“China 1949: Year of Revolution” by Graham Hutchings

Graham Hutchings writes in his new book China 1949 that “historians have often used a single year as a prism through which to view key changes that are said to have shaped an era”. He goes on to observe (somewhat counterintuitively) that of the years of China’s Civil War from 1945 to 1949, “… the year 1949 seems to have been singled out less often as decisive …” Hutchings seeks to balance the scales of history and to establish 1949 as such a prism.

By the end of 1948, the CCP and PLA had secured control over northeast China and Manchuria and their armies had moved on to and were threatening Beijing and Tianjin. A mere nine months later, on 1 October  1949, Mao would stand in Tiananmen and proclaim the founding of the PRC, Chiang Kai-shek and the KMT would retreat, shattered, to Taiwan to await the seemingly inevitable PLA conquest of the island.

 

China 1949: Year of Revolution, Graham Hutchings (Bloomsbury 2021)
China 1949: Year of Revolution, Graham Hutchings (Bloomsbury 2021)

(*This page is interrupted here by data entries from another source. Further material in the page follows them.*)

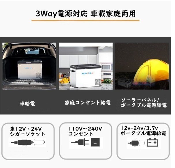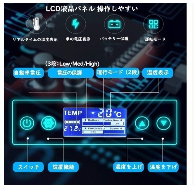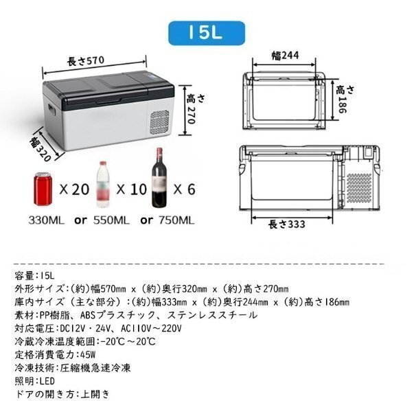 【40分で-20℃まで】①家庭用冷蔵庫と同じ、コンプレッサー式のポータブル冷蔵庫なので、-20℃~20℃調整でき、40分で25℃から-20℃まで冷却でき、冷却が速いです(環境温度が25℃、空の状態でテストした結果)。②冷却部品が内壁四面を包んでおり、四面からも冷却できます。③磁気蓋を採用され、冷気が漏れません。電源を切れても数時間保温できます。 【15L大容量】550mlのペットボトルが縦に入ります(高さが270mmまで)。330ml缶が約20本、550mlペットボトルが縦に約10本、750mlワインボトルが約6本入ります。台風、災害、緊急時の防災グッズとしても大変役立になります。車載冷蔵庫の外寸は57*32*27cmで、内寸は33.3*24.4*18.6cmです。 【4Way電源対応】①車12V・24Vシガーソケット、家庭110V~220Vコンセントに対応でき、車中泊だけではなく、業務用、家庭サブ冷蔵庫としてもご利用いただけます。専用バッテリーから冷蔵庫を給電と同時に、ソーラーパネル(別売り)がバッテリーを給電できます。電気代を効果的に節約できます。②低電圧保護機能搭載、3段階調節でき、車バッテリーの電圧が不足になると、コンプレッサーが自動で止まります。バッテリー上がりの心配がないのでアウトドアでは安心に使用できます。 【放熱・静音機能つき】①新しいタイプのファンを使い、放熱機能が一層に強くなります。耐用性が優れて、長時間運転中でも冷蔵庫の発熱に心配する必要はありません。②冷蔵庫が稼働中、コンプレッサーから1メートルのところではただ40dBほどのノイズが聞こえます。コンプレッサーが稼働中止すると、ほとんど騒音がなくて、車中泊時の夜間で安眠できます。 【耐震補強設計】車載冷蔵庫本体が30°傾斜しても安定に動作可能です。車の振動と揺れでトラブルが発生する心配が一切ありません! 【商品の説明】 商品状態:未使用 カラー:グレー 定格電圧:DC12V / 24V、AC110-220V 定格出力:45W 本体寸法(外):幅570mm*奥行320mm*高さ270mm 本体寸法(内):幅333mm*奥行244mm*高さ186mm 本体重量:11.8kg 設定温度:-20℃~20℃ 低騒音:40dB 表面材質:PP樹脂、ABSプラスチック、ステンレススチール 梱包内容:15L車載冷蔵庫本体x1、AC電源コードx1、DC電源コードx1、取扱説明書x1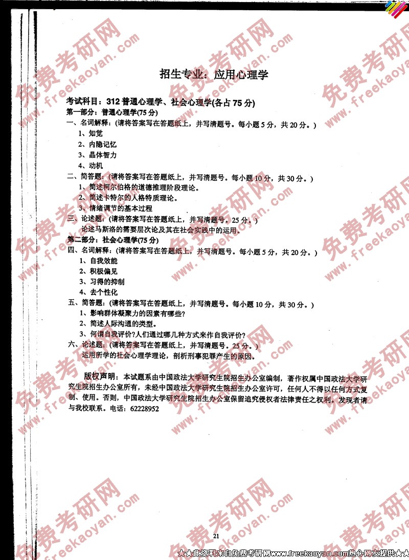 相关话题/半岛在线注册真题 心理学 中国政法大学 社会心理学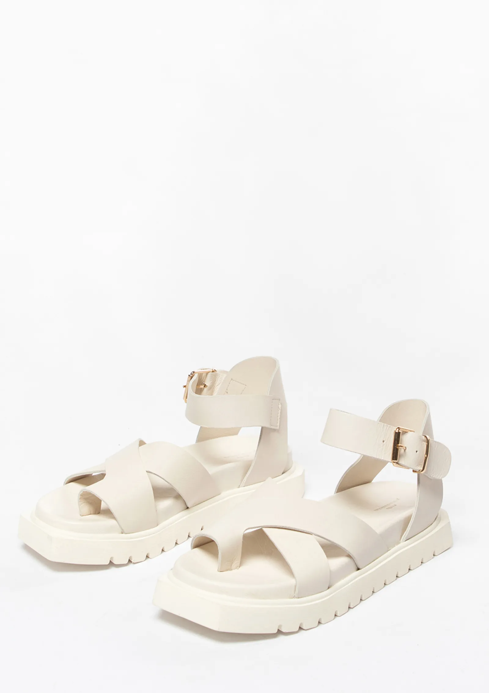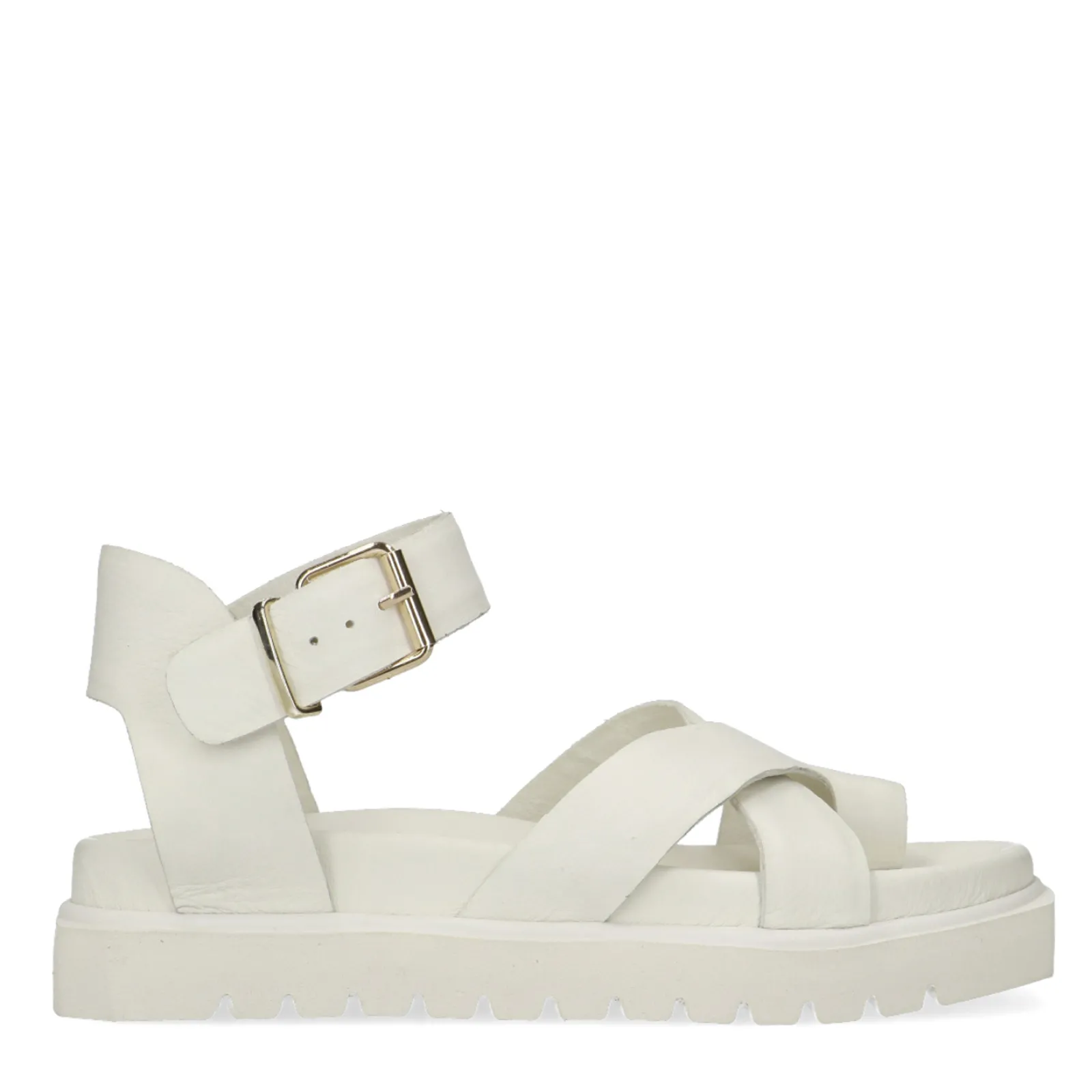 Deze Plateau Sandalen Van Sacha Zijn Trendy En Stoer. Het Witte Leer, De Gekruiste Band En De Gespband Met Goudkleurige Sluiting Zijn Opvallende Kenmerken. De Plateauzool Is 4 Cm Dik. Onderhoud Je Sandalen Met De Juiste Onderhoudsproducten.

If 1949 is seen as less central in the years of civil war it is not because it is insignificant, but rather because by the end of 1948 the Nationalist collapse in the Northeast had been so spectacular that a CCP victory seemed inevitable. 1949 can look less a prism than an interlude between Nationalist and CCP rule.

Hutchings does not contest the near inevitability of CCP victory, yet, he writes, “radical changes in China’s political behaviour, policy, institutions, national leadership and global alliances make 1949 a pivotal year” in the emergence of the People’s Republic of China. The first half of the book nevertheless largely follows the traditional story line: it is only about halfway through, when he begins the story of the “south-bound cadres”, that he breaks away and looks at the changes in governance that CCP control portends.

The “south-bound cadres” were the Party cadres recruited to become the civil administration of territory the CCP took over. These cadres accompanied the PLA forces as they moved south, but then dropped off the advancing army to administer the territory acquired.

This issue of control had vexed Chiang and the KMT earlier. In 1927, the KMT’s Northern Expedition had sought to unify China, but the result was often only a nominal unification with existing regional governments continuing in power but giving a vague nod to the KMT in Nanjing as the national government.

For Mao and the CCP such an outcome was unacceptable. While some of the existing government bureaucracy could be absorbed and used, most of it was deemed oppressive, exploitative, and politically unreliable and was slated for elimination. The story of the south-bound cadres is the tale of how the CCP controlled and governed what it conquered while initiating the socialist revolution in China.

Of further interest, Hutchings details the effort of underground CCP cells in cities like Shanghai to communicate with and infiltrate the utility services and police force to persuade operating and skilled workers to stay on the job as the PLA armies advanced so that urban services and order could be restored as quickly as possible.

Since most histories give little attention to the south-bound cadres or CCP infiltration of urban services, Hutchings recounting of both will be new to many readers.

 

As CCP victory began to look more and more likely, Western observers wondered what this new China would look like. Hutchings recounts that US and British observers had quite different views of the CCP. US observers seeing the CCP as “agrarian reformers” whereas British observers perceiving the CCP as committed to socialism and communism. Chinese observers may have had a clearer view still as mail service between north and south China continued even as the PLA took control of the north, enabling Chinese in the north to let friends and families in the south know what the CCP was doing. Although Hutchings makes reference to such correspondence, he unfortunately includes few details.

A measure of clarity came on 1 July 1949, when Mao published “On the People’s Democratic Dictatorship” outlining what Mao and the CCP saw as the political future of China. Clearly, “On the People’s Democratic Dictatorship” was a significant policy statement and supports Hutchings’s claim for the importance of 1949 on matters of policy. Moreover, discussing “On the People’s Democratic Dictatorship” and Western uncertainty regarding CCP intentions, Hutchings seems clear that if we are to understand CCP intentions we need to be looking at what the Party is telling its members, an observation as relevant to understanding the CCP today as it was in 1949.

Seventy-two years after 1949, Hutchings writes that we “are still confronted with the consequences of China’s unfinished Civil War.” Yet, even as he adds to our understanding, China 1949 suggests the limitations of selecting a single year to define an age, for it is events in 1950 not 1949 that led to this situation. Even though they are a product of that year, the influence and impact of the southern-bound cadres and “On the People’s Democratic Dictatorship” are also not seen in 1949. Hutchings makes his point for the significance of 1949, but the significance of a prism is what emerges from it: 1949 is the starting point of a larger story.


Stephen Maire retired in 2020 after a long career in the garment business in Asia.